*Input material*:
<<<<

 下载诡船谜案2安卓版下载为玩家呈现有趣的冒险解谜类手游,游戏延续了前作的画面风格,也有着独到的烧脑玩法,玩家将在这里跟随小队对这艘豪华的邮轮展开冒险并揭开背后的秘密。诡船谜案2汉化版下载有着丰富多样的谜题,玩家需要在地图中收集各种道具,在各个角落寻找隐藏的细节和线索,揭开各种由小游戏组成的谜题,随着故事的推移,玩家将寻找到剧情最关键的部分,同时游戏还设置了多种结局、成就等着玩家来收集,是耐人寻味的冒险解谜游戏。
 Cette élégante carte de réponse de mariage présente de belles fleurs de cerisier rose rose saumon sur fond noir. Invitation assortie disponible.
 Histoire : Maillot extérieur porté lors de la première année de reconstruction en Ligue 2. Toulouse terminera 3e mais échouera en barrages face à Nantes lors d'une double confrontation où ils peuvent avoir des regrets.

>>>>
<<<<

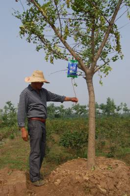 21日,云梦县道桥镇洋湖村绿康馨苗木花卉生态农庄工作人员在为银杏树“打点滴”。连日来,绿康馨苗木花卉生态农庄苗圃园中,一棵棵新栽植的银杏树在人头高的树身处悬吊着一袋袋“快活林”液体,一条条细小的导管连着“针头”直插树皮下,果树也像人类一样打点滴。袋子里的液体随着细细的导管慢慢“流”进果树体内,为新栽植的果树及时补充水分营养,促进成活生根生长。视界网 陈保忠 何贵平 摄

>>>>
<<<<

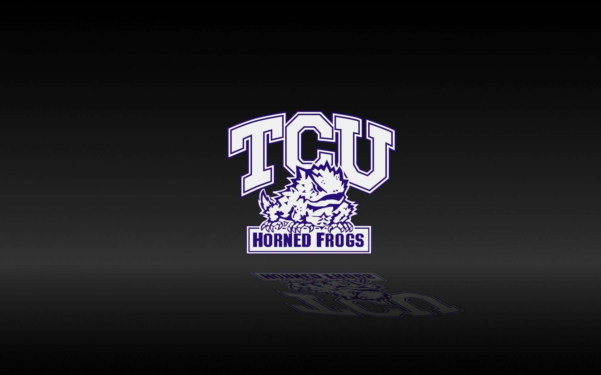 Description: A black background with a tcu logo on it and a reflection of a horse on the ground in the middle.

>>>>

*What is needed*:
From the records above, transcribe without alteration every line from the one with "Cette élégante carte" to the one with "Histoire : Maillot extérieur", inclusive.

*The answer*:
 Cette élégante carte de réponse de mariage présente de belles fleurs de cerisier rose rose saumon sur fond noir. Invitation assortie disponible.
 Histoire : Maillot extérieur porté lors de la première année de reconstruction en Ligue 2. Toulouse terminera 3e mais échouera en barrages face à Nantes lors d'une double confrontation où ils peuvent avoir des regrets.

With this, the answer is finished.